**EXERCISE OBJECTIVE**:
Stop after the line with "10 PEACH QUARZ"; until then, please copy every line of the records word for word from the first.

Top of SOURCE MATERIAL

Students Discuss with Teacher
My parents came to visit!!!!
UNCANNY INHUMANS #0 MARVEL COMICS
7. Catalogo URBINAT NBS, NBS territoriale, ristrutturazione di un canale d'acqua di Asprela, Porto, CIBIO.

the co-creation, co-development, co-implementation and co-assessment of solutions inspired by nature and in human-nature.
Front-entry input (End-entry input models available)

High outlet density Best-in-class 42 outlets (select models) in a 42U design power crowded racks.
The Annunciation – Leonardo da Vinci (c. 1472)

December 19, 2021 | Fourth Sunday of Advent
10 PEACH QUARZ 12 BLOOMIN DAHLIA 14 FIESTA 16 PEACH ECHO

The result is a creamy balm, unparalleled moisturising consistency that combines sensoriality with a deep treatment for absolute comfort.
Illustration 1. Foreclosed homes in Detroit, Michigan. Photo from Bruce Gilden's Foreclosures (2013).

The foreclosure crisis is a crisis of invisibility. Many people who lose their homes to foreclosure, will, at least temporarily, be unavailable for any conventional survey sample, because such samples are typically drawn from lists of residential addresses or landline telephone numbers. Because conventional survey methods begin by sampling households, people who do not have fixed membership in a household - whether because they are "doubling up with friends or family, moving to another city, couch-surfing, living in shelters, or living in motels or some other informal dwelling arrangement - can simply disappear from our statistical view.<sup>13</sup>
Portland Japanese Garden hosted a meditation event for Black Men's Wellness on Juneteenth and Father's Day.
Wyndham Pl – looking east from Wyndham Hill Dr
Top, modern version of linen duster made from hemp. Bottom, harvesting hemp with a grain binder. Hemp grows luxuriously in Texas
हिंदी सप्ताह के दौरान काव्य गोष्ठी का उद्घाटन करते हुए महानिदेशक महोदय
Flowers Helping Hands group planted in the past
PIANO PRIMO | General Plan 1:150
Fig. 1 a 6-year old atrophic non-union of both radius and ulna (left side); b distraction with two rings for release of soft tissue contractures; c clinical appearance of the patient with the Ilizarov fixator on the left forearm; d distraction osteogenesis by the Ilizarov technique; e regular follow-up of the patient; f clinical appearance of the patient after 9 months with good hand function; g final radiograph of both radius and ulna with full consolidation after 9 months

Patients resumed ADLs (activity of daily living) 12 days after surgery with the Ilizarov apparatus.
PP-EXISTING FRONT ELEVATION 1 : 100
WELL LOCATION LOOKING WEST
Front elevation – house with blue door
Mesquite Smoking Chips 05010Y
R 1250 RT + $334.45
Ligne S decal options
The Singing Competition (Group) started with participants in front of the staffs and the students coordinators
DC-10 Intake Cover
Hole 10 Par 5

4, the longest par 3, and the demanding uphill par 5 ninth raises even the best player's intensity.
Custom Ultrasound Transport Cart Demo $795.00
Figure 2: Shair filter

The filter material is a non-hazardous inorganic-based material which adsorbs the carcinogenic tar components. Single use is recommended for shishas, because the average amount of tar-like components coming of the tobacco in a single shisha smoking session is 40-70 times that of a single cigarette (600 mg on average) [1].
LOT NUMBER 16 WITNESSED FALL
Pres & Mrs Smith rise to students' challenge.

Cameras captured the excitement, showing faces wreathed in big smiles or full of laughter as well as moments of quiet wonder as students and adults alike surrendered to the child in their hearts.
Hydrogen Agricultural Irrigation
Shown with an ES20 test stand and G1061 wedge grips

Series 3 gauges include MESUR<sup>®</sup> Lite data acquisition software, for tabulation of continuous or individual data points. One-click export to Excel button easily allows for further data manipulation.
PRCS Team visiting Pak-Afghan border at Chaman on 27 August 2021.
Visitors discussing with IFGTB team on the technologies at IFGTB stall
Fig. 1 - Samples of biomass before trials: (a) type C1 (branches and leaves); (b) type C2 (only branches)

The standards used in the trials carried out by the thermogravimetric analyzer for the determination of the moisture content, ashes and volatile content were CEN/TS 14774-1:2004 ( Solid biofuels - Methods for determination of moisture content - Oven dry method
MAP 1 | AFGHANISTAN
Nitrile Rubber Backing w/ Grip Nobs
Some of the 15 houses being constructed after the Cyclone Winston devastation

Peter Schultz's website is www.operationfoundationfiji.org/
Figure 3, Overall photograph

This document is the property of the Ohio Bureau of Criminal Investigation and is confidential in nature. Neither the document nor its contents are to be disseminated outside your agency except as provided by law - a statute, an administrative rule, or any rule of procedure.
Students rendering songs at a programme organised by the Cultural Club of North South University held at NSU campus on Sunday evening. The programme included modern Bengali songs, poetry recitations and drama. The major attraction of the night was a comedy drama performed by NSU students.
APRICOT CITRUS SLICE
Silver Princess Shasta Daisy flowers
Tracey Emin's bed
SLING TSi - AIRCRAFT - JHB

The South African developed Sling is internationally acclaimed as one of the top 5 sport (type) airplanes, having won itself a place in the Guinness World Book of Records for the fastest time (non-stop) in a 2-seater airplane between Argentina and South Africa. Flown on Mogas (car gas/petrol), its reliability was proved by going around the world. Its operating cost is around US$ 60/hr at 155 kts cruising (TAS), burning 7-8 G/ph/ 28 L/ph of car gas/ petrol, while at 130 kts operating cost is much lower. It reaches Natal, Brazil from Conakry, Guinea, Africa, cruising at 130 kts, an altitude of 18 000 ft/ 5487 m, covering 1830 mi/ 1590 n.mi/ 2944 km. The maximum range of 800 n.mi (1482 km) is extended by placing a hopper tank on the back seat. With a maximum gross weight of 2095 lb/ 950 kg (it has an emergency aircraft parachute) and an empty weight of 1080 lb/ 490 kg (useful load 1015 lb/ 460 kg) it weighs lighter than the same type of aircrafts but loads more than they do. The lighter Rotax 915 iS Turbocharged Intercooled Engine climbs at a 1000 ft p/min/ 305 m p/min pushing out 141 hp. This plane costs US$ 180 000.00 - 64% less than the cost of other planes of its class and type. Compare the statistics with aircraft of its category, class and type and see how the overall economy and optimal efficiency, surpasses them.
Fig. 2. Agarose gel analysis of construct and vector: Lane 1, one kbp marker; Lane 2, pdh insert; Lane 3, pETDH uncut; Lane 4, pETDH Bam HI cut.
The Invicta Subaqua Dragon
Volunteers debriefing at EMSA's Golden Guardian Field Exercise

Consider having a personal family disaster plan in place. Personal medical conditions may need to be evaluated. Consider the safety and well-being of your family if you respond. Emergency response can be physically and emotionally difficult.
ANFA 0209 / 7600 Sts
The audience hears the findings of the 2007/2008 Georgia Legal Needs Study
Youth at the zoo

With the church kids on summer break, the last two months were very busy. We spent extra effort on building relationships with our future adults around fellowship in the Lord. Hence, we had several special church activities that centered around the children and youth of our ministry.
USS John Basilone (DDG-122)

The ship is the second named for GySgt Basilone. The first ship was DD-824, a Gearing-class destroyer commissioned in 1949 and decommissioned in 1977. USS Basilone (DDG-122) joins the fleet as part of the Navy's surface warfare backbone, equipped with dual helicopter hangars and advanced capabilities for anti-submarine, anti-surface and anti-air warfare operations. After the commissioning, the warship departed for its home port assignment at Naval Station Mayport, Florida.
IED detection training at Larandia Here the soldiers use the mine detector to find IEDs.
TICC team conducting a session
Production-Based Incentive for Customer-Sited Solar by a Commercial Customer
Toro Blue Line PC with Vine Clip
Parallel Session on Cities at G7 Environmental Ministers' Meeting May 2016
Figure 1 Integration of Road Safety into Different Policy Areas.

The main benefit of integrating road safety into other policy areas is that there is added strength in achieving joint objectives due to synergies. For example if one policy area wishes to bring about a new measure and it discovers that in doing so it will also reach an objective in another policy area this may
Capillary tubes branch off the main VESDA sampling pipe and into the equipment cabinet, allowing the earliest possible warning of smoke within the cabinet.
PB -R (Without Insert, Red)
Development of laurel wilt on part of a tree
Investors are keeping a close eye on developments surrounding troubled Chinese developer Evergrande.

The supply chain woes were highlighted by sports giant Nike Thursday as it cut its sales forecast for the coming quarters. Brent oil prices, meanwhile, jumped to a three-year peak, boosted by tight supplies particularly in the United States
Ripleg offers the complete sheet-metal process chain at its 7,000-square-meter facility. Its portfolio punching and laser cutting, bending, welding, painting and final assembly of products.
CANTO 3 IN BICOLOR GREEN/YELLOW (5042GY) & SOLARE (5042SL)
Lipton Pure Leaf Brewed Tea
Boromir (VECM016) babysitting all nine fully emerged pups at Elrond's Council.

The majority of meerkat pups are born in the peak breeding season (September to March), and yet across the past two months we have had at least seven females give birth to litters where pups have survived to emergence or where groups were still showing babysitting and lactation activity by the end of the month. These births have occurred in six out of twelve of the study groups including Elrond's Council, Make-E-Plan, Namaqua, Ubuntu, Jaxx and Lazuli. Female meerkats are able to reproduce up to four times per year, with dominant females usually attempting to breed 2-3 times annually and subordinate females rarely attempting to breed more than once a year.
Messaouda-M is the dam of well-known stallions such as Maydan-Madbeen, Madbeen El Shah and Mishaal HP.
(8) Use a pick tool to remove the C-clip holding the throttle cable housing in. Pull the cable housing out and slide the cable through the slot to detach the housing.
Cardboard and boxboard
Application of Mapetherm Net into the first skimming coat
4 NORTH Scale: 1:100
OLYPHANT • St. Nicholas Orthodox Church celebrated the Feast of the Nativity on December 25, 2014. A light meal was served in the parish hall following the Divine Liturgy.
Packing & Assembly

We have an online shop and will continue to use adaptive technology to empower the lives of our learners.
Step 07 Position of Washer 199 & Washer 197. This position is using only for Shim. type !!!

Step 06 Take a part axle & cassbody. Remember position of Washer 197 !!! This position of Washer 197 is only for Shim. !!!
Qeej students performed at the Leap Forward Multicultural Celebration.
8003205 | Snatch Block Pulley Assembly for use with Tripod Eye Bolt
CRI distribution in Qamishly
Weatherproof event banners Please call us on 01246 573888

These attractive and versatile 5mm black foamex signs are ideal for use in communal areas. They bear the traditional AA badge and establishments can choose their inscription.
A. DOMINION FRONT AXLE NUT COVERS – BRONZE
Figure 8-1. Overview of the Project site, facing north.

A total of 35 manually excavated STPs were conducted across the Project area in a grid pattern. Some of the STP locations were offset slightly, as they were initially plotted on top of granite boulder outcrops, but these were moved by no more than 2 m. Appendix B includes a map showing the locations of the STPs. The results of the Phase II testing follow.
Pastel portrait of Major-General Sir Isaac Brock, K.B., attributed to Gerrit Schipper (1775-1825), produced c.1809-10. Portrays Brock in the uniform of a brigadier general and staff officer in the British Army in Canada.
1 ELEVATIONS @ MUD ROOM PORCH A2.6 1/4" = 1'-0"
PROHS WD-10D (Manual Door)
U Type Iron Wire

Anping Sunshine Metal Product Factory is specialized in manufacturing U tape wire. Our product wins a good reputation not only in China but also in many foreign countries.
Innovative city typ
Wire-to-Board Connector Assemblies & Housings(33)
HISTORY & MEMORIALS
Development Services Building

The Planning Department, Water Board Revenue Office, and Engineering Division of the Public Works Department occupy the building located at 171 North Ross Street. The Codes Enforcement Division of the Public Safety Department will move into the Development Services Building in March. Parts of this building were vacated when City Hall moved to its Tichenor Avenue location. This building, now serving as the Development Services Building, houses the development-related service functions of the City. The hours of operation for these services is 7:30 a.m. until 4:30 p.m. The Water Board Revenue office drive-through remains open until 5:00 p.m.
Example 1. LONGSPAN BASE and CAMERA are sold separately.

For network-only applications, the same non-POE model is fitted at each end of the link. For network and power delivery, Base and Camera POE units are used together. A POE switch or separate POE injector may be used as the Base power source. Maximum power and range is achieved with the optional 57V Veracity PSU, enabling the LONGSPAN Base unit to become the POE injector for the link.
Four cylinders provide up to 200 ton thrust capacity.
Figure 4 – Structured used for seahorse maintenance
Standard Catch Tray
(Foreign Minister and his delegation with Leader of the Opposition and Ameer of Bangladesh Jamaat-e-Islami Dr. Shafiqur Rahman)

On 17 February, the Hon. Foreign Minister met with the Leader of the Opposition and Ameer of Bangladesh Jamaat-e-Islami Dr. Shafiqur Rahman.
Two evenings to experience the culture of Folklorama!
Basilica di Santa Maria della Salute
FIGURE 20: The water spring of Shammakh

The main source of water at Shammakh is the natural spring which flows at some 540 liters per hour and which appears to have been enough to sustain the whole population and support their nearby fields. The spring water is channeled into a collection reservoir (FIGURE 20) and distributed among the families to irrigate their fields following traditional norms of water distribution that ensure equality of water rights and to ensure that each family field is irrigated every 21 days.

Bottom of SOURCE MATERIAL

**ANSWER BELOW**:
Students Discuss with Teacher
My parents came to visit!!!!
UNCANNY INHUMANS #0 MARVEL COMICS
7. Catalogo URBINAT NBS, NBS territoriale, ristrutturazione di un canale d'acqua di Asprela, Porto, CIBIO.

the co-creation, co-development, co-implementation and co-assessment of solutions inspired by nature and in human-nature.
Front-entry input (End-entry input models available)

High outlet density Best-in-class 42 outlets (select models) in a 42U design power crowded racks.
The Annunciation – Leonardo da Vinci (c. 1472)

December 19, 2021 | Fourth Sunday of Advent
10 PEACH QUARZ 12 BLOOMIN DAHLIA 14 FIESTA 16 PEACH ECHO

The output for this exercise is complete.